Most distros ship zram-generator or systemd-zram-setup to make this persistent and properly sized — prefer that over hand-rolled modprobe in production:

sudo apt install systemd-zram-generator   # or distro equivalent
# Configure in /etc/systemd/zram-generator.conf

With zram in play, raise swappiness (say 100) — you actively want the kernel to use this fast tier.

Watch it, don’t guess

free -h               # used/free/swap at a glance
swapon --show         # all swap devices and their priorities
cat /sys/block/zram0/mm_stat   # zram: original vs compressed bytes (your real ratio)
vmstat 1              # si/so columns = swap in/out per second

The si/so columns in vmstat are the ones that matter: a few KB occasionally is healthy; sustained high so under load means your working set genuinely exceeds RAM and no tuning will save you — you need more memory or less work.

Where AI helps

The hard part of memory tuning is interpreting the numbers, not setting the knobs. I paste free -h, vmstat 1 output, and the zram mm_stat into a model and ask “is this host under real memory pressure or just using swap correctly?” The distinction between healthy cold-page eviction and actual thrashing is exactly the judgment call a model is good at helping with — it reads the si/so rates and the compression ratio and tells me which it is. Keep a few Linux performance prompts for this and you stop misreading a healthy server as a sick one.

The bottom line

Don’t disable swap — configure it.
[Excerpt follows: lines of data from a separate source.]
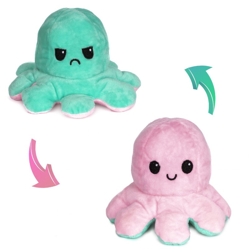 • Este peluche de diseño único se puede voltear fácilmente, cambiando el color y su expresión facial de contento a enfadado o triste.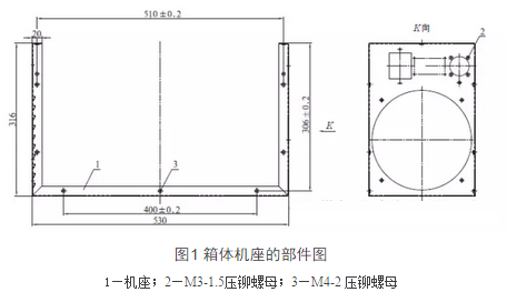 常見鈑金件的電源機(jī)箱,品種有數(shù)十種之多,客戶下訂單一般都有五六種,每種訂單約為20~30套,下面東莞螺盛盾小螺以某電源機(jī)箱為例,對其生產(chǎn)的各工藝流程展開分析。箱體機(jī)座使用2mm厚的冷軋低碳鋼板,需進(jìn)行4次90°折彎如圖1所示,它的加工精度主要是由孔間距510±0.2mm和306±0.2mm這兩個(gè)尺寸決定的,如果其超出允許偏差,會(huì)給裝配工作帶來很多困難,甚至導(dǎo)致與外殼件的裝配錯(cuò)位。因此,達(dá)到加工精度的關(guān)鍵是圖紙展開時(shí)使用的系數(shù)和折彎時(shí)使用的模具匹配。在箱體機(jī)座折彎時(shí)采用空洞折彎模式,折彎下模使用V10,經(jīng)計(jì)算得出機(jī)座的展開長度L為1188.88mm,考慮到數(shù)控機(jī)床的加工精度,L值取整為1189mm。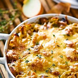 - Ja katls vai panna, kurā ēdiens gatavots, nav piemērots cepšanai krāsnī, ēdienu pārceļ cepamtraukā, pārklāj ar plēstiem mocarellas gabaliem, liek krāsnī, 200 grādu temperatūrā cep 15–20 minūtes.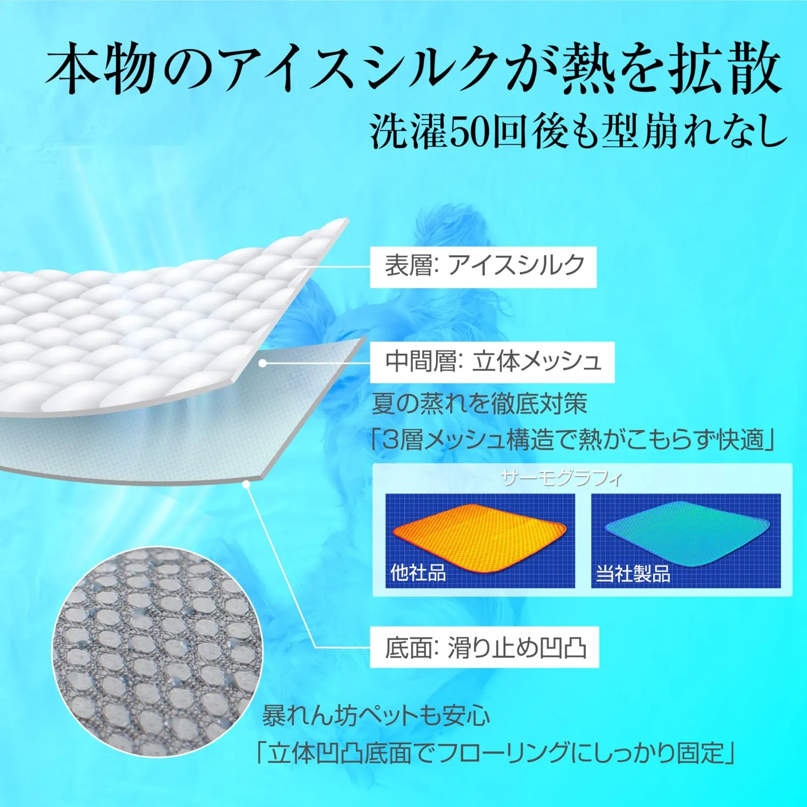 【ひんやり持続|アイスシルクの瞬間冷却】 犬猫が乗るだけで「接触冷感級」のひんやり感。高密度アイスシルク繊維が熱を拡散し、真夏の室内でも涼しい寝床をキープ。夏の暑さで疲れたペットの体温を効果的に冷却。 ?

Add a modestly-sized swapfile, set swappiness to match the workload, and add zram as a fast compressed tier with higher priority than disk swap. Then watch vmstat to tell graceful paging apart from real pressure. Done right, memory pressure becomes a gentle slowdown you have time to react to, instead of a process getting OOM-killed at the worst possible moment. More tuning guides live in the AI for Linux Admins series.

Memory tuning interacts with your specific workload. Measure with vmstat and free before and after changes rather than applying values blindly.